Grand Challenges Canada is seeking to improve treatments and expand access to care. We are committing up to $10 million CAD for the most promising bold ideas with big impact. Our focus is on low- and middle-income countries. We expect to fund proposals through two funding streams: seed grants (up to $250,000 CAD over 2 years) and transition-to-scale grants (up to $2,000,000 CAD over 3 years).
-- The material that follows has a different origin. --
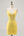 Robe courte A-ligne trapèze jaune sans bretelles et flare brocart
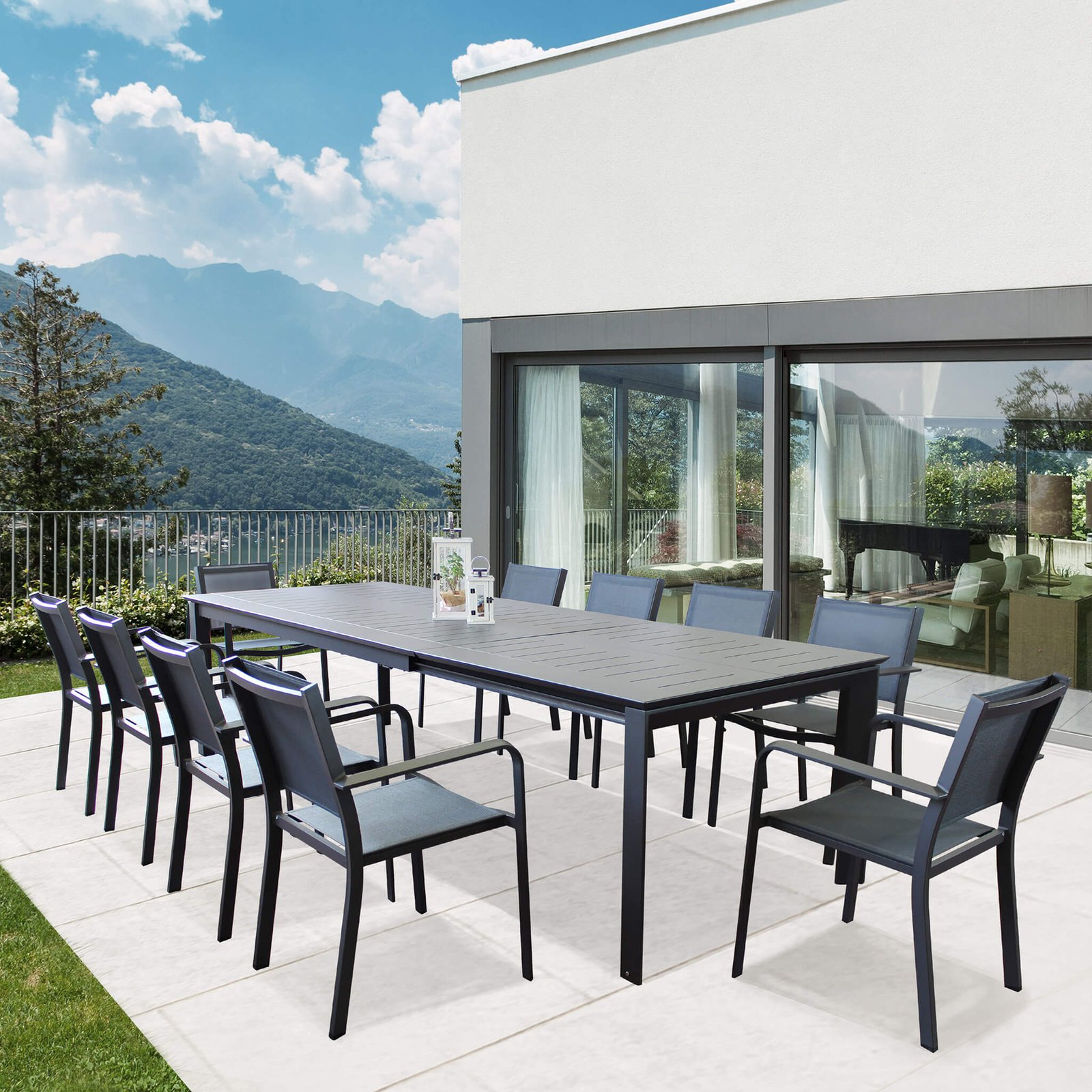 Il Tavolo da giardino allungabile in alluminio 200-300×110 cm – SOGRO è la scelta ideale per chi desidera arredare gli spazi esterni con eleganza, funzionalità e resistenza. Realizzato interamente in alluminio verniciato colore antracite, questo tavolo unisce linee pulite e contemporanee a una struttura solida e durevole, pensata per affrontare al meglio le intemperie e l’uso quotidiano in giardino, terrazza o veranda. Il piano, caratterizzato da una raffinata lavorazione a doghe, si estende facilmente da 200 a 300 cm, garantendo fino a 12 posti a sedere, perfetti per accogliere amici e familiari durante cene all’aperto e momenti conviviali. Il design minimalista e il colore neutro permettono al tavolo SOGRO di armonizzarsi con qualsiasi stile di arredo outdoor, dal moderno all’industriale. Pratico e versatile, questo tavolo da giardino allungabile rappresenta una soluzione intelligente per vivere l’outdoor con libertà e gusto, offrendo tutto lo spazio necessario quando serve, senza rinunciare all’eleganza. Un complemento d’arredo pensato per trasformare ogni occasione all’aperto in un’esperienza di condivisione autentica e confortevole.

Proposals must provide innovative solutions to address one (or more) of the following challenges in low-resource settings:

  • Integrate screening and core packages of services into routine primary health care
  • Reduce the cost and improve the supply of effective medications
  • Provide effective and affordable community-based care and rehabilitation
  • Improve children’s access to evidence-based care by trained health providers
  • Develop effective treatments for use by non-specialists, including lay health workers with minimal training
  • Incorporate functional impairment and disability into assessment
  • Develop mobile and IT technologies (such as telemedicine) to increase access to evidence-based care

Grand Challenges Canada is looking for solutions that demonstrate a clear path to scale and sustainability, have measurable outcomes of increased access to care and improved treatment, and can ultimately serve as models that can be replicated or scaled in other low-resource settings, or have lessons for other settings. Grand Challenges Canada does not fund capacity-building initiatives alone. We are seeking evidence-based, affordable treatments or innovative service delivery models that can be scaled in a sustainable manner.